Así se popularizó en Estados Unidos –donde lo habían llevado los inmigrantes alemanes– y se lo comenzó a emplazar en lugares públicos. Allí, Edward Johnson, socio de Thomas Edison, revolucionó la decoración creando primer árbol de Navidad eléctricamente iluminado en 1882. Las luces, que siempre tuvieron un lugar destacado en las fiestas de invierno, se volvieron un signo del espíritu navideño.

También a los Estados Unidos le debemos la popularización de Papa Noel gracias a la publicidad de una conocida gaseosa en la década de 1930. Se apoya en una tradición que llegó con inmigrantes alemanes y holandeses en los siglos XVIII y XIX según la cual San Nicolás, que fue un obispo del siglo IV famoso por su generosidad hacia los pobres y los niños, repartía regalos a los niños en diciembre.

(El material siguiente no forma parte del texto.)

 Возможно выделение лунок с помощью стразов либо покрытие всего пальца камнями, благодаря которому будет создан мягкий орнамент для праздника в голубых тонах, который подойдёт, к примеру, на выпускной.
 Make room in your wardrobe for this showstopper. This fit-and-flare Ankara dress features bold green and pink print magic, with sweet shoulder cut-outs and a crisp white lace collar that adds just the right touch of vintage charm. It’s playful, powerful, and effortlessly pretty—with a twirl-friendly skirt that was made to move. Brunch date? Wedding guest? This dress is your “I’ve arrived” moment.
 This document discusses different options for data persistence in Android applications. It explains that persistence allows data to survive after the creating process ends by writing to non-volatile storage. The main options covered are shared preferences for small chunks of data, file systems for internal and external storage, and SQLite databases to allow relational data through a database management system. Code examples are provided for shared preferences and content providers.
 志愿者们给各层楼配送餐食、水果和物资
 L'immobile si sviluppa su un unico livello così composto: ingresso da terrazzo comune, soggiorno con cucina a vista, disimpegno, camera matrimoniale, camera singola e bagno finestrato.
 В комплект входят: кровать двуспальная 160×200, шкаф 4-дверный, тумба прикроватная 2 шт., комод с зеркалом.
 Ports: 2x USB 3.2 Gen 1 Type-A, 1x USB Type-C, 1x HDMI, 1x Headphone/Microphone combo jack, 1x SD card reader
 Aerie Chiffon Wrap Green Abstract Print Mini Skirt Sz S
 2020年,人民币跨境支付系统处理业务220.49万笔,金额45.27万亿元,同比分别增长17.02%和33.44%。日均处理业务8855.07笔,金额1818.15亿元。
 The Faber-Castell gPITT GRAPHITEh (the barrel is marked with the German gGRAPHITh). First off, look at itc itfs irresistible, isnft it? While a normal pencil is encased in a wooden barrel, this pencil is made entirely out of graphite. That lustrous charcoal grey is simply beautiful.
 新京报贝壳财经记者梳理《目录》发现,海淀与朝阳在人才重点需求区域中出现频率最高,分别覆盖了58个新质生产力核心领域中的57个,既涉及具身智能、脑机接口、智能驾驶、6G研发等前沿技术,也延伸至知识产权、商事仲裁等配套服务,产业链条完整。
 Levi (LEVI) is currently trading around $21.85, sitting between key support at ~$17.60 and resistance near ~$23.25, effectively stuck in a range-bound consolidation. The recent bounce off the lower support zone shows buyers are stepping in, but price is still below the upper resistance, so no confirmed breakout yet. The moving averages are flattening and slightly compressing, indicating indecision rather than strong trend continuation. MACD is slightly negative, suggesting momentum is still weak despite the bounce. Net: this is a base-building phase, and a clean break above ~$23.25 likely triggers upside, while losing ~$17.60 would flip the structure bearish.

Los cantos navideños también responden a una antigua tradición. Los villancicos eran formas musicales populares sobre temas de la vida cotidiana que –durante el Renacimiento– comenzaron a usarse para transmitir la fe cristiana de manera accesible y festiva. En el siglo XIX se consolidó el carácter navideño de estos cantos.

En la Nochebuena de 1818, en una pequeña iglesia de Austria cuyo órgano no funcionaba, se estrenó un villancico acompañado con guitarra. La ternura y la paz que transmitía lo convirtió en el villancico canónico de las navidades: Noche de paz.

La poesía de su letra se entreteje en su sencilla melodía y lo vuelve una catequesis cantada: en la quietud de la noche, cuando todo duerme alrededor, irrumpe la luz de Dios hecha carne en la fragilidad de un niño, revelando que la salvación no llega con poder ni estruendo, sino con humildad y ternura.

Cerremos este recorrido por las navidades de la historia con una alusión a nuestro país, donde los días de Navidad se conocen como las fiestas. Más allá de la dimensión explícitamente religiosa con la que muchos las viven, gran parte de los hogares arman el arbolito, el pesebre y decoran con motivos navideños.

Se valora sobre todo la reunión familiar, tanto que duelen especialmente las ausencias y la soledad. La cena de Nochebuena es el momento más esperado e incluye infinidad de pequeños rituales que supo retratar genialmente Luis Landriscina en un conocido relato humorístico.

El clímax del encuentro llega con el brindis de medianoche. Dios quiera que este año, al alzar las copas, los argentinos encontremos en el Niño del pesebre la fuerza de un amor que nos une y nos llama a no dejar a nadie al costado del camino.